Consider God’s glorious attributes. An attribute is that which makes someone who and what he actually is. When it comes to God’s attributes, because He is terrible in majesty and incomprehensibly glorious to the nth degree, God is the greatest good because each of His attributes considered separately, as well as all of His attributes considered together, show Him to be wonderfully glorious. Consider His attributes in terms of them being communicable or incommunicable. Incommunicable attributes are those that are God’s and no one else’s, attributes such as omnipotence, being all powerful, such as omniscience, being all knowing, and such as omnipresence, being everywhere present. No one but God possesses such attributes. However, there are other attributes that originate in God and are communicated to His creatures in a gracious way. Such attributes as love, long-suffering, goodness, kindness, joy and peace are attributes that God possesses, but which God can extend by various means to the character of His creatures. His attributes can also be considered in terms of them being moral attributes or not. God’s bigness is not a moral attribute. His immutability, that since He is perfect he cannot change, is not a moral attribute. Neither is His power, His knowledge, or His vast presence everywhere in creation and beyond. However, His holiness, His righteousness, His love, and His mercy are definitely moral qualities. Do these attributes of God, and I have mentioned only a few of them, show Him to be not only good, but to be the greatest good? Of course, they do. Now consider along with those attributes God’s personality. By personality, I refer to the fact that God is personal and that He has chosen to interact with His intelligent creatures, be they angels or human beings. Imagine, if you can, interacting on a personal level with Almighty God. Since you and God are certainly not equals by any measure, what would that interaction be like? Have you ever pondered such a thing or even considered it possible? As well, who do you think would control the terms of such an interaction? You, or God?

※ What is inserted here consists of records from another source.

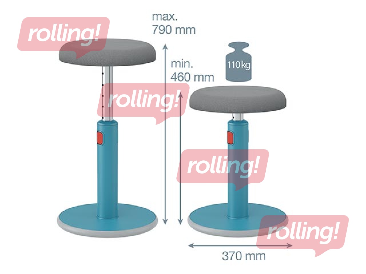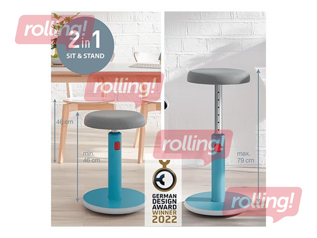 Leitz Ergo Active Sit Stand Stool ļauj elastīgi pārvietoties starp sēdēšanu un stāvēšanu, kamēr strādājat, veicinot muskuļu kustību, uzlabojot stāju un palielinot enerģijas līmeni. 2 vienā, jo jūs varat noregulēt augstumu līdz ideālam sēdekļa augstumam, kas ir līdzīgs biroja krēslam, kā arī līdz perfektam stāvēšanas atbalsta augstumam ar ievērojami lielāku diapazonu nekā citiem standarta krēsliem. Tam ir noapaļota pamatne, kas rosina aktīvas kustības, grozoties un šūpojot, kamēr strādājat, lai stiprinātu muguru. Augstumu var viegli regulēt no 46 līdz 79 cm, un stāvošais ķeblītis saglabāsies izturīgs un stabils jebkurā augstumā. Ērts un praktisks, šim ergonomiskajam krēslam ir elpojošs, ar 3D gaisa sietu pārklāts putu sēdeklis un neslīdoša pamatne, kas nebojā jūsu grīdu. Ar savu minimālisma dizainu un matētām apdares krāsām šis stilīgais stāvošais rakstāmgalda krēsls uzlabos veselību un labsajūtu, bez piepūles izveidojot perfektu aktīvā darba iestatījumu. Apvienojiet to ar citiem Leitz Ergo produktiem, lai izveidotu aicinošu un elastīgu darba vietu, kas ļauj jums kustēties visas dienas garumā.
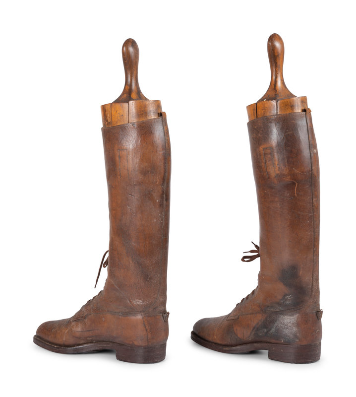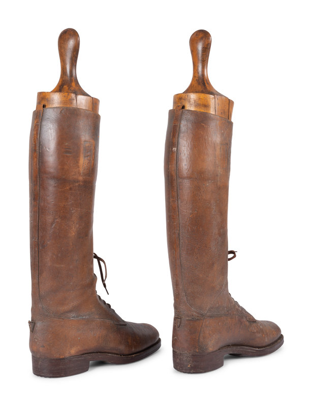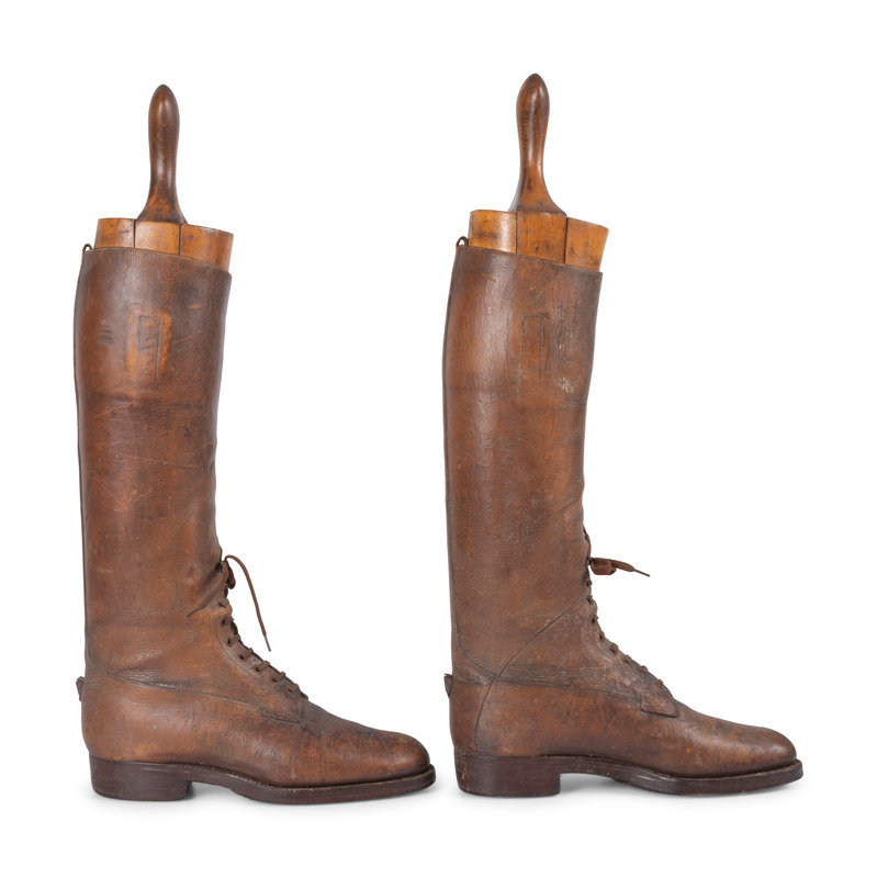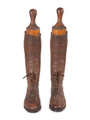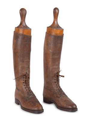 A Pair of Leather Lace Up Pull-On Men's Boots with Wood Boot Stretchers
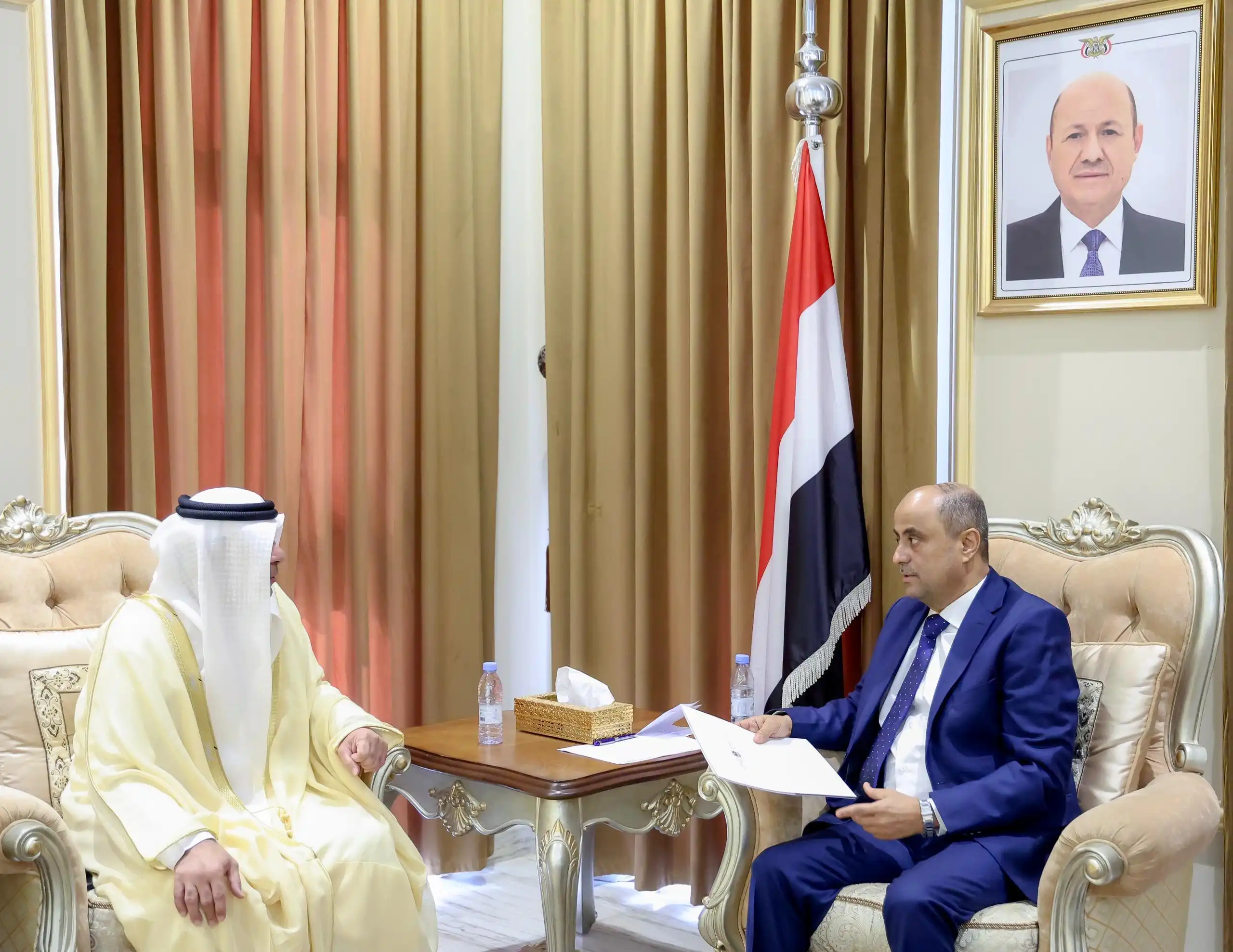 تسلم رئيس مجلس الوزراء، سالم صالح بن بريك، رسالة خطية من أخيه صاحب السمو الشيخ محمد بن راشد آل مكتوم، نائب رئيس دولة الامارات العربية المتحدة، رئيس مجلس الوزراء حاكم دبي، تتعلق بالعلاقات الثنائية بين البلدين الشقيقين وآفاق تعزيزها وتطويرها.
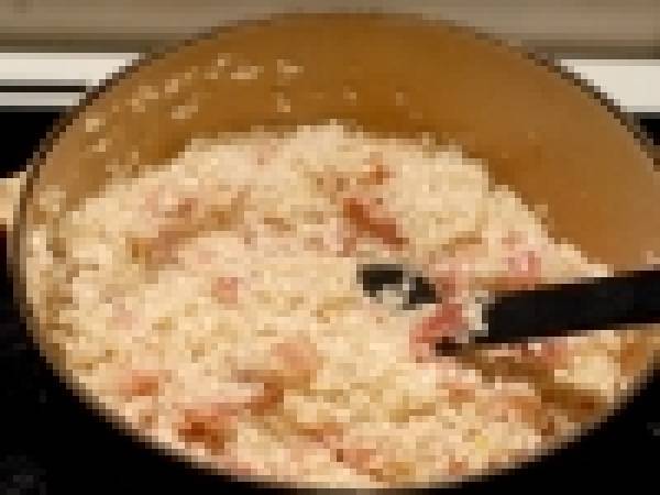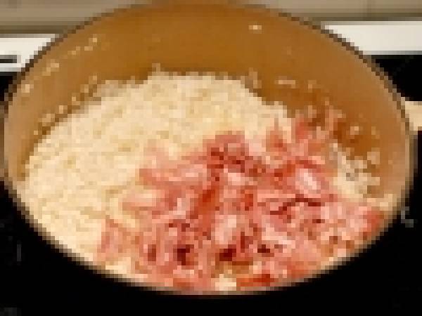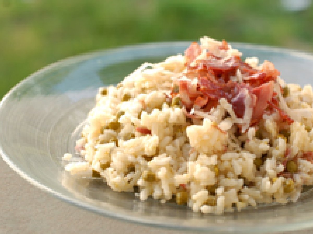 Risotto pancetta et petits pois Platfacile55 min Envoyer cette recette à un ami Imprimer cette page Poser une question à l'auteur Publier votre photo de cette recette Ingrédients 5 500 g de riz à risotto Arborio 1 gros oignon 15 cl de vin blanc de cuisine 1 litre d’eau bouillante avec 2 bouillons Kub Or 12 tranches de Pancetta ronde 250 g de petits pois 50 g de parmesan Sel Poivre huile d’olive

Consider, next, God’s wondrous blessings. We know that God’s blessings are all undeserved, meaning that they are gracious bestowals. Thus, “Every good gift and every perfect gift is from above, and cometh down from the Father of lights, with whom is no variableness, neither shadow of turning.”[3] Notice that James referred in that verse I just quoted to the blessings God bestows upon His creatures as gifts that are good and perfect, with the emphasis on them being gifts. God does not have to give them to us. He has no obligation to give us what He has given to us all. Supreme among all the things God gives to His creatures is the blessing of Himself. What could possibly be more beneficial, more important, and more fulfilling than God’s gift of Himself to someone, especially in light of God being personal as we are personal? Yet, it is in the person of Jesus Christ that we are said to be partakers of the divine nature, Second Peter 1.4. A personal being who is God makes it possible for personal beings He has created to benefit from His divine nature, in part by an interaction, a communion if you will, that is set forth in great and precious promises. Does that not further show God to not only be good, but to be the greatest good?

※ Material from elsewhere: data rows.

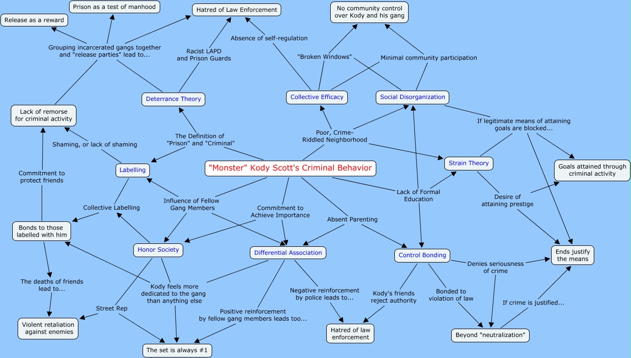 This Concept Map, created with IHMC CmapTools, has information related to: Final Monster Map, "Monster" Kody Scott's Criminal Behavior Poor, Crime- Riddled Neighborhood Collective Efficacy, Bonds to those labelled with him The deaths of friends lead to... Violent retaliation against enemies, Labelling Shaming, or lack of shaming Lack of remorse for criminal activity, Deterrance Theory Grouping incarcerated gangs together and "release parties" lead to... Prison as a test of manhood, Social Disorganization Minimal community participation No community control over Kody and his gang, Social Disorganization If legitimate means of attaining goals are blocked... Goals attained through criminal activity, "Monster" Kody Scott's Criminal Behavior The Definition of "Prison" and "Criminal" Labelling, Deterrance Theory Racist LAPD and Prison Guards Hatred of Law Enforcement, Differential Association Kody feels more dedicated to the gang than anything else The set is always #1, Deterrance Theory Grouping incarcerated gangs together and "release parties" lead to... Lack of remorse for criminal activity, Strain Theory Desire of attaining prestige Ends justify the means, Beyond "neutralization" If crime is justified... Ends justify the means, Control Bonding Kody's friends reject authority Hatred of law enforcement, Honor Society Collective Labelling Bonds to those labelled with him, "Monster" Kody Scott's Criminal Behavior Commitment to Achieve Importance Differential Association, Differential Association Positive reinforcement by fellow gang members leads too... The set is always #1, Control Bonding Denies seriousness of crime Ends justify the means, Differential Association Negative reinforcement by police leads to... Hatred of law enforcement, Labelling Collective Labelling Bonds to those labelled with him, "Monster" Kody Scott's Criminal Behavior Influence of Fellow Gang Members Differential Association
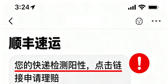 “您的快递检测阳性,点击链接申请理赔”,这类短信借着物流高峰趁虚而入。
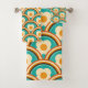 Retro Rainbow Waves and Flowers Pattern Bath Towel Set
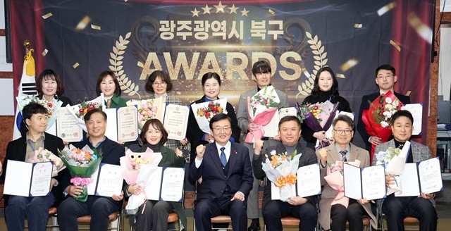 [위키트리 광주전남취재본부 노해섭 기자]광주시 북구(구청장 문인)는 30일 소회의실에서 연말을 맞아 현안업무를 성실히 수행한 정부포상, 구정 BEST 7, 모범·우수공무원 등이 참석한 가운데 2025년 송년 북구 어워드 ‘북구를 빛낸 사람들’ 시상식을 개최했다.
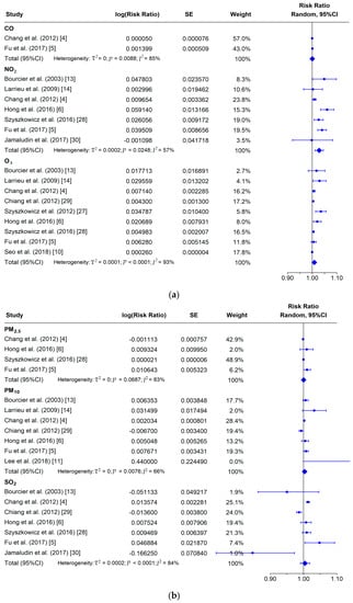 Forest plot of the association between conjunctivitis and exposure to air pollution: (a) CO, NO2, O3; and (b) PM2.5, PM10, SO2. Risk ratio was calculated by considering a 10 μg/m3 increase of air pollution.

Third, consider God’s grand purpose. We understand that God did not have to create this universe, or to create us. He was perfectly happy and content in the throne room of heaven enjoying the communion of the three Persons of the Godhead, the Father, the Son, and the Holy Spirit. However, we are now caught up in the outworking of God’s great and grand purpose, and we exist to fulfill our individual roles in His great overarching purpose. The Apostle Paul makes reference to God’s purpose in Romans 8.28, where he writes, “to them who are the called according to his purpose,” and Ephesians 1.11, where he writes about “the purpose of him who worketh all things after the counsel of his own will.” I submit to you that God Himself is the greatest good. Because of His glorious attributes, there exists no being or cause that is more good than God. Because of His wondrous blessings, there is no being or cause that is more good than God. And because of His grand purpose, which must be a good purpose because it is His purpose, and there can be no being or cause that seeks to fulfill a greater purpose. The greatest good is God. Thus, you cannot do more good or engage in a higher good than the worship of and service to God.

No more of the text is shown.